The girl turned right at a shambling yellow wreck of a building. The Old-New Synagogue. Curious name to go along with a curious design. Part Gothic, part Renaissance, the result a rather clumsy porridge, homely crenellated roof and skimpy windows. Far more old than new. But then Prague had no end of old buildings. They were common as streetwalkers. He’d drunk his fill.
An alleyway unfurled along the synagogue’s south side, ending at a wide set of ten steps that in turn ran up to the shuttered shops of Pařížská Street. Heap wondered if Nine was headed there, to tidy up at one of the boutiques.
Instead she went left at the foot of the steps, disappearing behind the synagogue. Heap crept along the alley in crepe-soled shoes, reaching the steps and stealing a glance.

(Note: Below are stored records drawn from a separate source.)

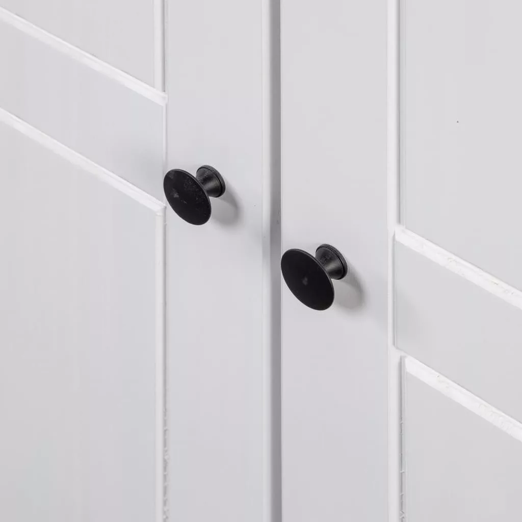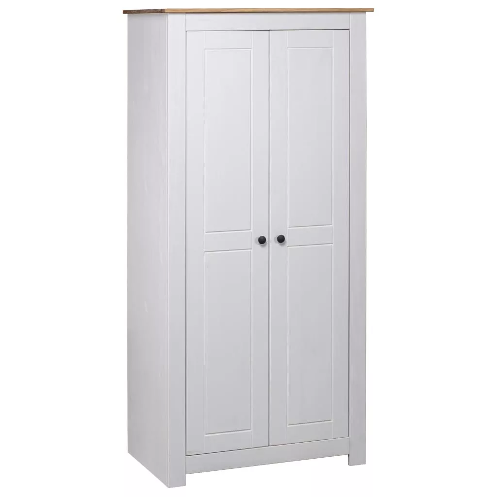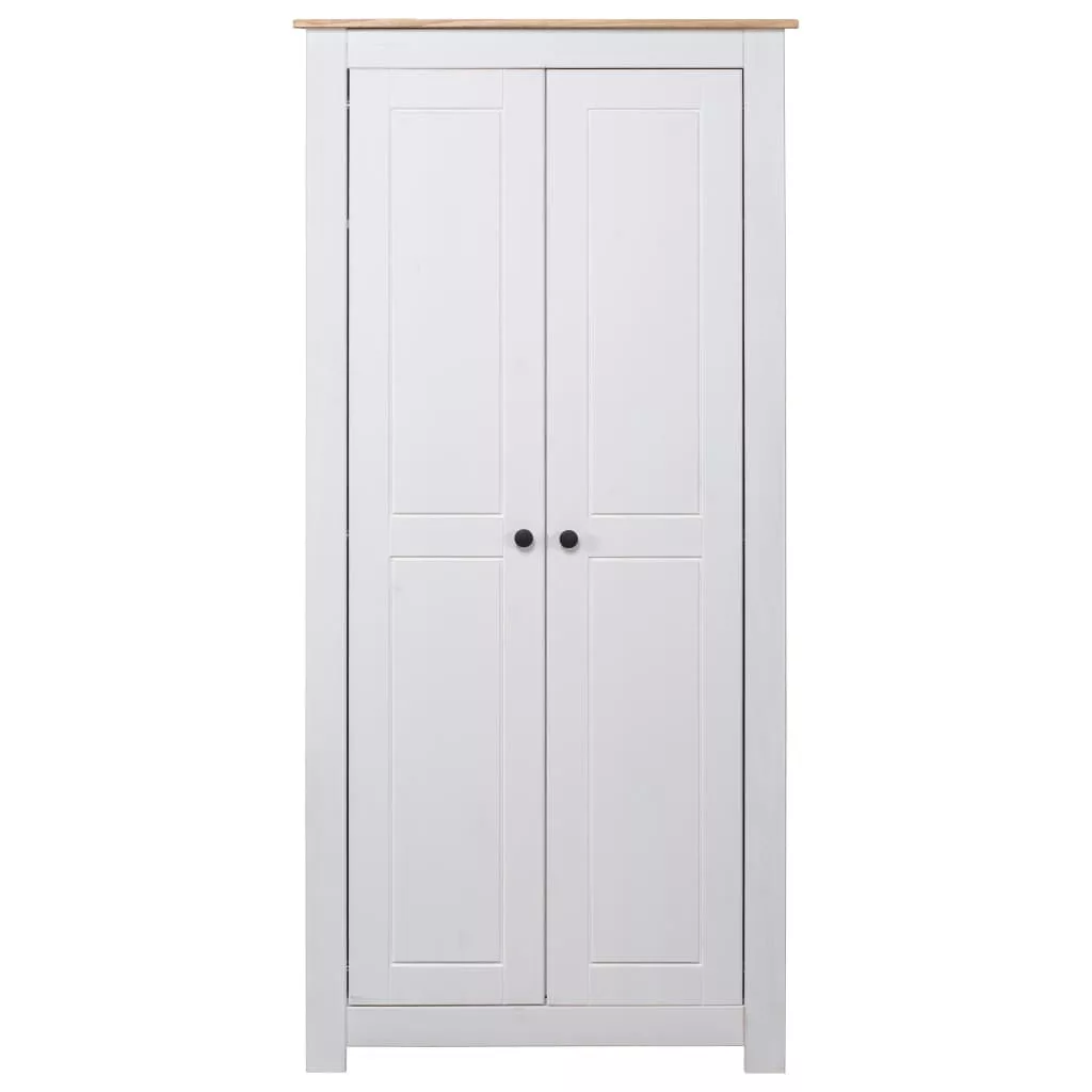 A ruhásszekrényben rögzített polc található cipők, pulóverek, farmerek, sapkák, kézitáskák stb. tárolására és rendszerezésére. A nagy rekesz akasztóval lett felszerelve, így kabátok, ruhák stb. akasztására használhatja. A tömör fenyőfából készült gardrób masszív és hosszú távú használatot biztosít.
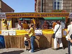 During plum season a common main dish is "Grumbeersupp und Quetschekuche" which is potato soup and plum cake and for dessert Kerscheplotzer is served. Another seasonal dish is Zwiebelkuchen which is commonly served with Federweisser in autumn.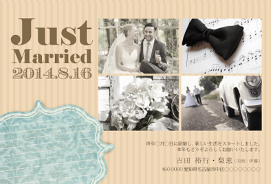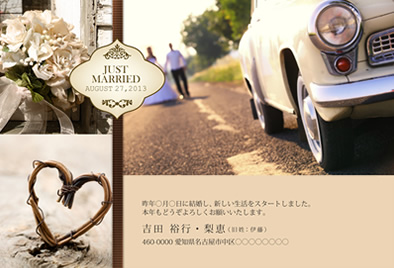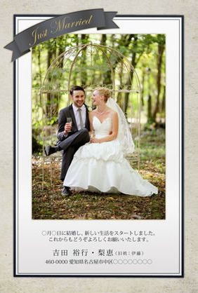 Just Married Card Design No.03 sora(gallery)オリジナルのJust Married Card(結婚報告ハガキ)デザインです。 結婚報告をオシャレでクラシック感のあるヴィンテージデ […]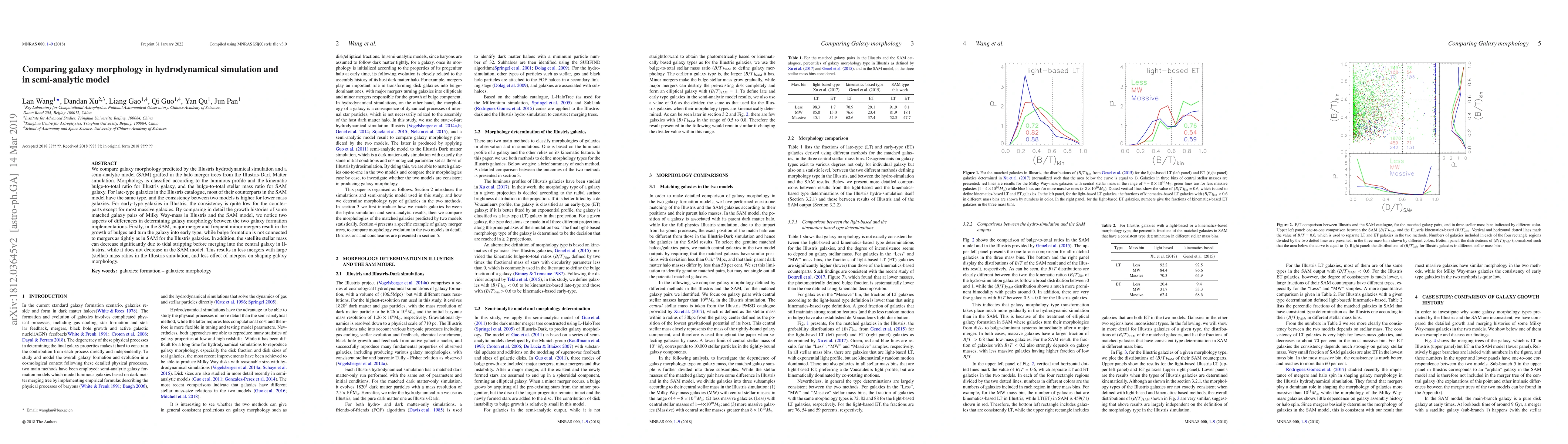 This paper compares galaxy morphology from the Illustris hydrodynamical simulation and a semi-analytic model (SAM), finding higher consistency for lower mass late-type galaxies. Differences in merger-driven bulge formation and tidal stripping effects lead to less morphological transformation in Illustris compared to SAM.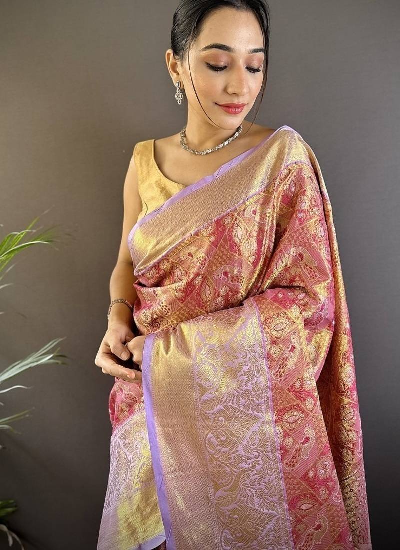 | Product Description | Pradeep Fashion Trending Celebrity Inspired Kanjivaram Tissue Silk Saree With Full Body Zari Design & Jacquard Woven Pallu Saree With Brocade Zari Blouse |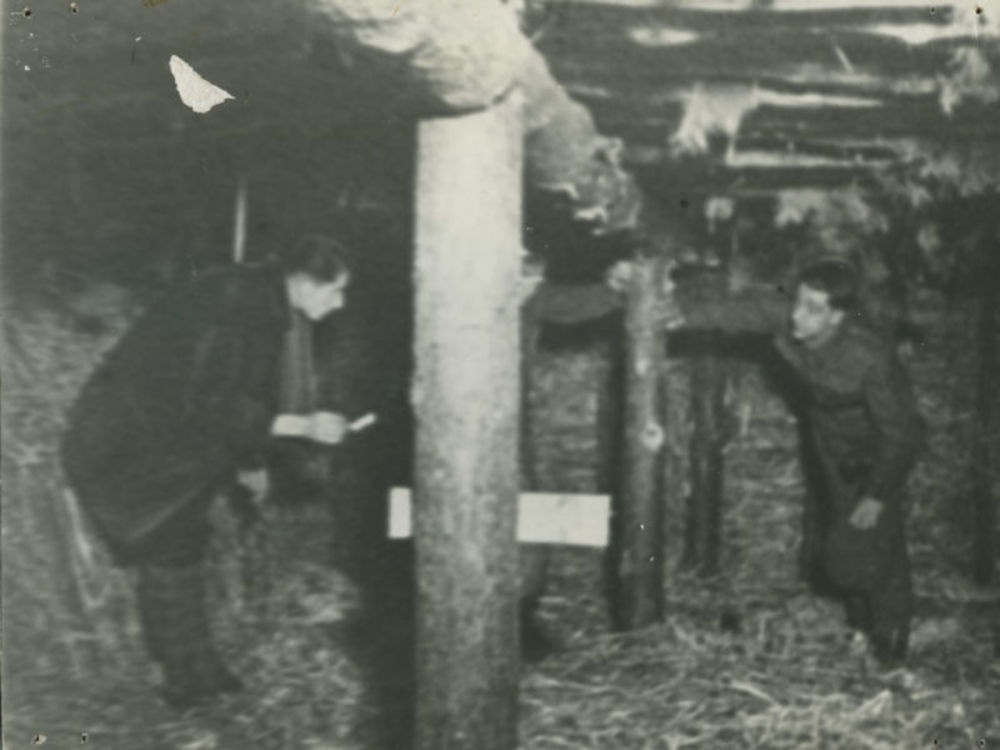 Twee onderduikers in hut in bos. Tekst achterop: "On...

She stood on a small cobbled terrace, facing the rear of the synagogue, into which was set an arched iron door, rudely studded. A trio of rubbish bins constituted the exterior decor. She had flapped open the white cloth and was tying it around her waist: yet another apron. Heap smiled to imagine her closet, nothing but aprons in every color. So many secret identities she had, each more wretched than the last.
She picked up the feather duster from where she’d laid it, against the wall. She shook it out. Shook her head, as well, as if banishing drowsiness.

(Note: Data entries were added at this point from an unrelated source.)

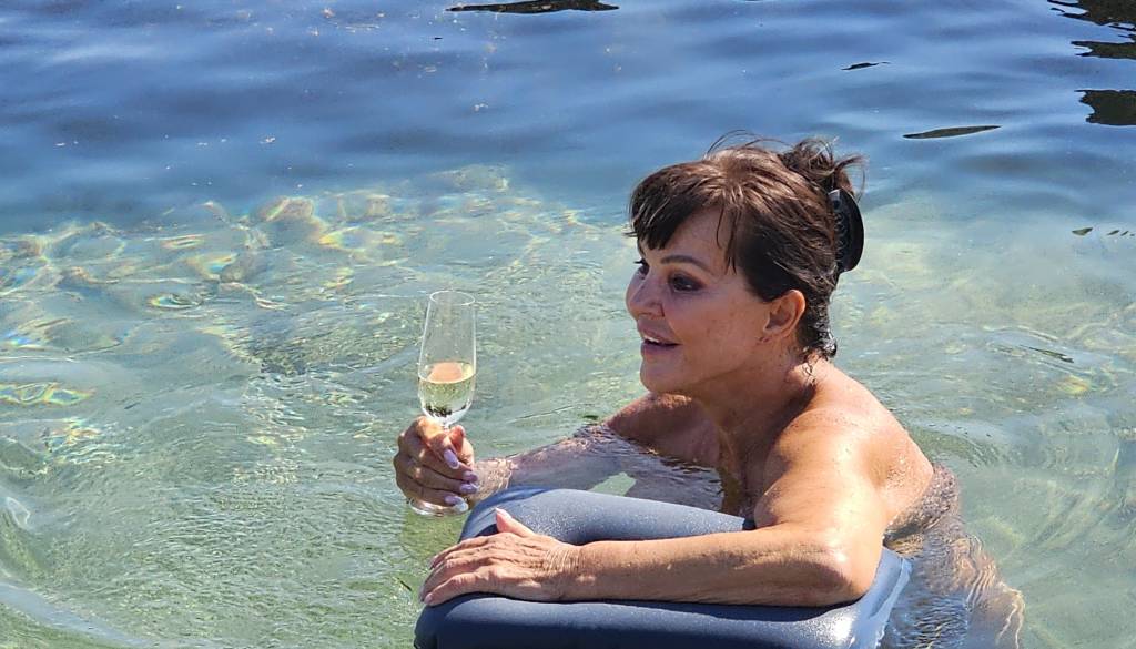 Ob fotografiji, na kateri se z nasmehom predaja soncu in vodi, je zapisala kratek, a pomenljiv zapis, ki razkriva njen pogled na trenutke miru in sprostitve.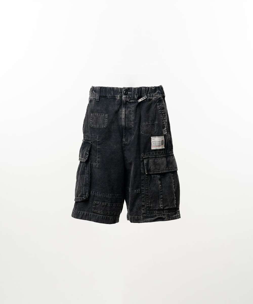 コットン素材のカーゴショーツ。 リペア加工を施し、着古されたような風合いを表現。 サイド、バックポケット。 ウエストゴム、ループ仕様。ウエスト紐を付属...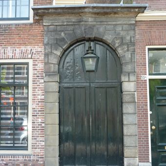 Poortje terzijde van de Marekerk. Natuurstenen omlijsting, aardige lantaarn, Rijksmonument op Oude Vest 59a-61 tussen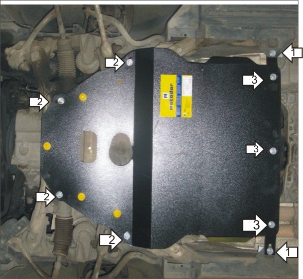 Защита картера двигателя Motodor имеет полимерное порошковое покрытие, позволяющее в огромной степени противостоять агрессивной среде. В комплекте находиться оцинкованный крепеж. Покрытие предохраняет резьбовые соединения от ржавчины, что облегчает демонтаж защиты картера двигателя и после длительной эксплуатации. Защита картера двигателя Motodor устанавливается в штатные места без доработки кузова.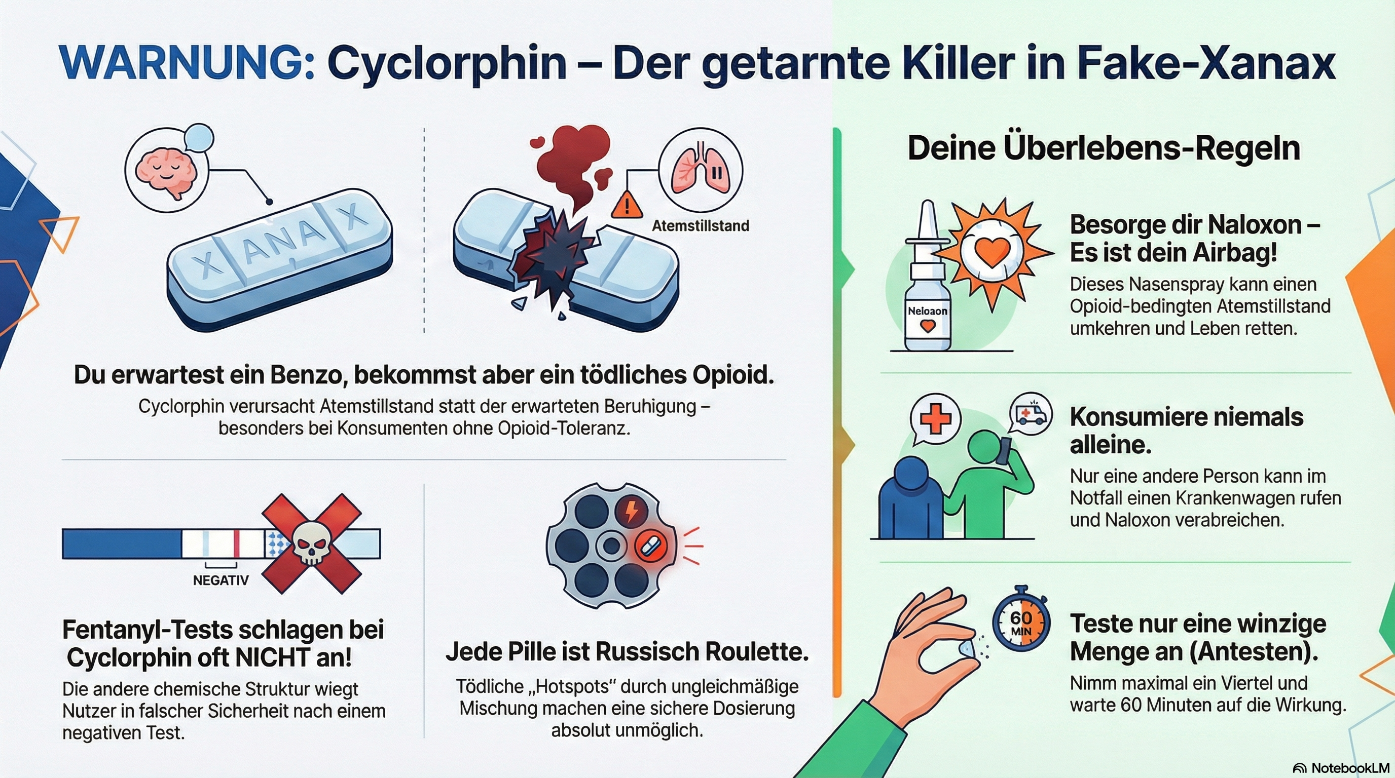 - [Tarnkappen-Killer]: Cyclorphin ist ein starkes Opioid, das in Deutschland (2025) in gefälschten Alprazolam-Tabletten („Xanax“) gefunden wurde.

Industrious little charwoman . Two full-time jobs and now this.
Who said the work ethic was dead?
He might have taken her right then, but a duet of drunken laughter came bounding along Pařížská, and Heap continued slowly up the steps, watching the girl peripherally.
She withdrew a key from her jeans and let herself into the synagogue through the iron door. The lock clanked.

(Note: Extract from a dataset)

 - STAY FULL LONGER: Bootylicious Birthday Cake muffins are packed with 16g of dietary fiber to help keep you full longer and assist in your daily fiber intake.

He took up a vigil beneath a lamppost, opposite the synagogue’s dark visage. A series of metal rungs in the brick ran up to a second arched door, a shabby wooden echo of the iron one, thirty-five feet off the ground and opening illogically onto thin air.
The garret. Did you know? There, the world-famous (according to whom, Heap wondered) Rabbi Loew had conjured the golem, a mythical mud-creature who roamed the ghetto, protecting its inhabitants. The selfsame rabbi had a statue of himself in a grand square, he did. While following the girl, Heap had pretended to stop and take its picture.